June 8, 2023
SportsTalk With AJROK

Melo, LeBron, D.Wade & CP3 Address Police, Race Relations at ESPYs

Rate Article

Los Angeles, CA. — The opening segment of the 2016 Espy Awards kicked off with New York Knicks forward, Carmelo Anthony, NBA Champ & Finals MVP LeBron James, Dwayne Wade and Chris Paul opening with a call to action regarding police reform and gun violence, Wednesday night.

The NBA superstars took the stage together at the Microsoft Theatre in Los Angeles, California to denounce the rampant police brutality in Black communities at the 2016 ESPYs. The pro-ballers addressed the viral videos from last week depicting Louisiana man Alton Sterling and Minnesota’s Philando Castile being killed by cops during arrests.

“The system is broken, the problems are not new, the violence is not new, and the racial divide definitely is not new, but the urgency for change is definitely at an all-time high,” the New York Knick’s Carmelo Anthony opens.

Then Los Angeles Clippers’ point guard Chris Paul reminds the audience that activism and sports has always gone hand-in-hand.

“Generations ago, legends like Jesse Owens, Jackie Robinson, Muhammad Ali, John Carlos and Tommie Smith, Kareem Abdul-Jabbar, Jim Brown, Billie Jean King, Arthur Ashe and countless others, they set a model for what athletes should stand for,” Paul says. “So we choose to follow in their footsteps.”

The newest member of the Chicago Bulls, Dwayne Wade, demands change:

“The racial profiling has to stop. The shoot-to-kill mentality has to stop. Not seeing the value of Black and brown bodies has to stop. But also the retaliation has to stop. The endless gun violence in places like Chicago, Dallas, not to mention Orlando, it has to stop. Enough. Enough is enough.”

King James who led The Cav’s to the city of Cleveland’s first championship since 1964, was the last of the four friends to speak. Each has decried the country’s recent history of police violence toward African-Americans in their own way in the past, and their speech Wednesday was tilted far more toward decrying the killing of blacks. But they also took great care to denounce the killing of police officers and called for retaliatory shootings to stop.

“Tonight we’re honoring Muhammad Ali, the GOAT (greatest of all time),” James adds. “But to do his legacy any justice, let’s use this moment as a call to action to all professional athletes to educate ourselves, explore these issues, speak up, use our influence and renounce all violence and, most importantly, go back to our communities, invest our time, our resources, help rebuild them, help strengthen them, help change them. We all have to do better.”

CP3, the self-proclaimed “nephew of a police officer,” listed the names of several victims among the high-profile killings of blacks at the hands at the hands of police, including Tamir Rice, the 14-year-old boy who was shot by Cleveland police in 2014.

LeBron who has led protests of Martin’s death and of Eric Garner’s death by choking at the hands of New York police, was criticized by some for saying little of Rice’s death, even though it was in his home community in Cleveland.
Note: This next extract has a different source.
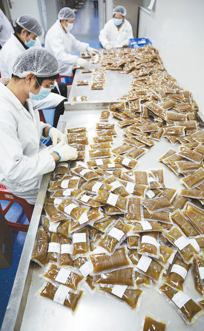 3月2日,湖北武漢一家中藥公司,工人正在為灌裝好的中藥貼上標(biāo)簽。據(jù)悉,該公司在疫情期間,按照國家衛(wèi)生健康委辦公廳和國家中醫(yī)藥管理局辦公室聯(lián)合印發(fā)的《新型冠狀病毒肺炎診療方案(試行第六版)》中推薦的藥方,為武漢市7家醫(yī)院、10個(gè)方艙醫(yī)院等單位生產(chǎn)、煎煮和配送中藥湯劑。記者 張武軍攝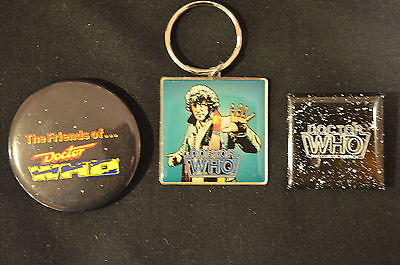 Title (ebay affiliate link): 2 VINTAGE 1980's Dr. WHO Pins - including Fan Club MOOD Pin + Keychain

James took to Twitter last week to decry not only the shooting deaths of African-Americans Philando Castile and Alton Sterling, but the Dallas cops as well. He said on Wednesday: “We all feel helpless and frustrated by the violence. We do.
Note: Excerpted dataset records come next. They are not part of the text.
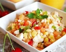 材料: 番茄 麦仁 青红椒 玉米粒 鸡丁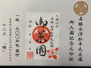 御薬園名勝会津松平氏庭園 御薬園 二月の入園記念印証 -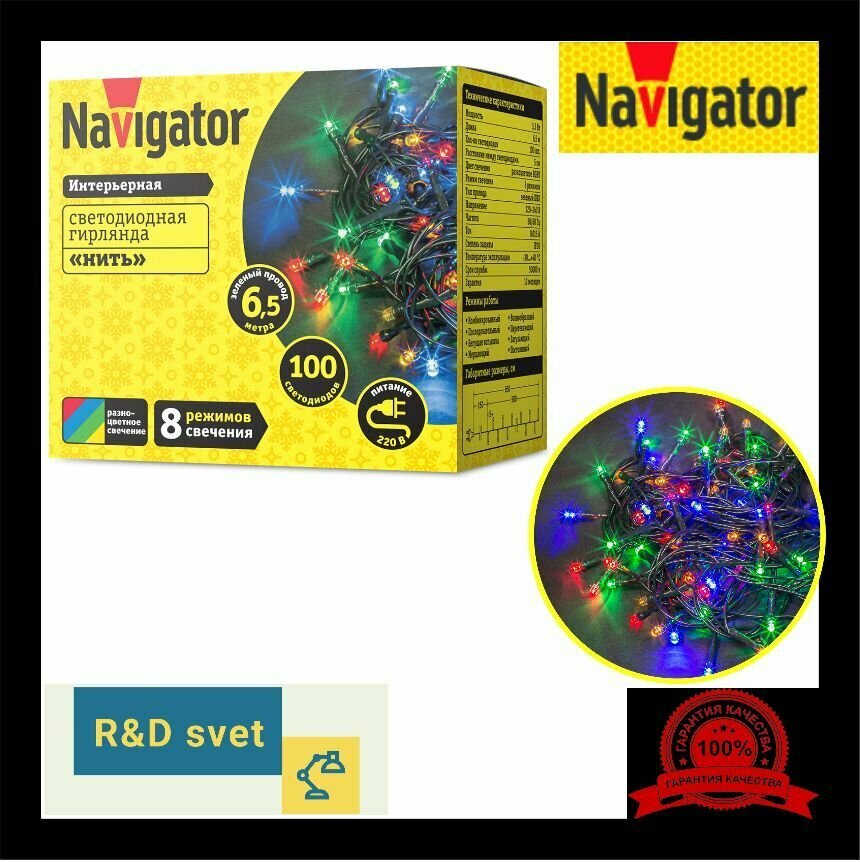 Гирлянда 61 803 NGF-S01-100RGBY-5-6.5m-230-C8-G-IP20 Navigator 61803 ( 1шт. )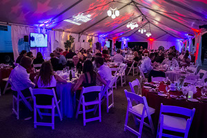 Lighting can make or break your event experience. If the lights are too bright your event will be stark and cold. If your lights are too dark guests will miss important elements of your event and design. Well placed lights can create ambiance at your event. Great lighting will allow you to get more impact from key components such as floral arrangements and other decor. You can also use lighting to grab your guests' attention or direct their focus to events going on within your event.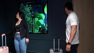 Big-bottomed stepmother shares bed after a mistake upon arrival from a trip

“That’s not acceptable,” James said. “It’s time to look in the mirror and ask ourselves: What are we doing to create change?”

While it wasn’t clear who among James, Anthony, Wade, and Paul brought the others together to take such a stand at the ESPYS. The group did, however, approach ESPN with the idea and ask if it could open the show that way.
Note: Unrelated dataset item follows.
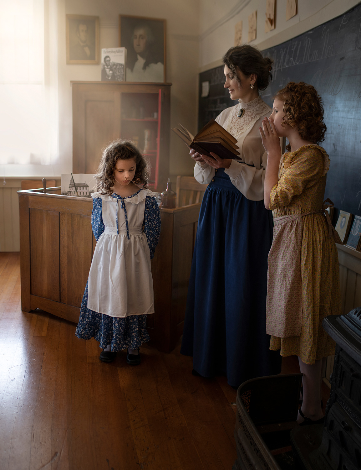 The majority of these early schools had a single teacher, pot-bellied stoves, and a wood pile. At the front of the classroom would be a large wooden blackboard mounted to the wall. Close to the teacher's desk would be a free-standing wood (or coal) stove giving off a cheery heat during the cold winter months.

The ESPYS are an Oscars-like sports awards show, hosted this year by pro wrestler John Cena. James’ Cleveland Cavaliers were nominated for seven awards and the Cavs won for best sports moment — when they broke the city’s 52-year championship drought by beating the Golden State Warriors in the Finals in June.

The first award winner of the night, Golden State’s Stephen Curry, thanked James, Wade, Paul, and Anthony for their speech.

The NBA superstars’ stand comes on the same day Anthony published an essay for the U.K. newspaper the Guardian. In his essay, Anthony expressed his concern with recent events and seemed to be gearing up to use his Olympic platform in Rio de Janeiro as a stage to discuss police brutality and racial tension in America.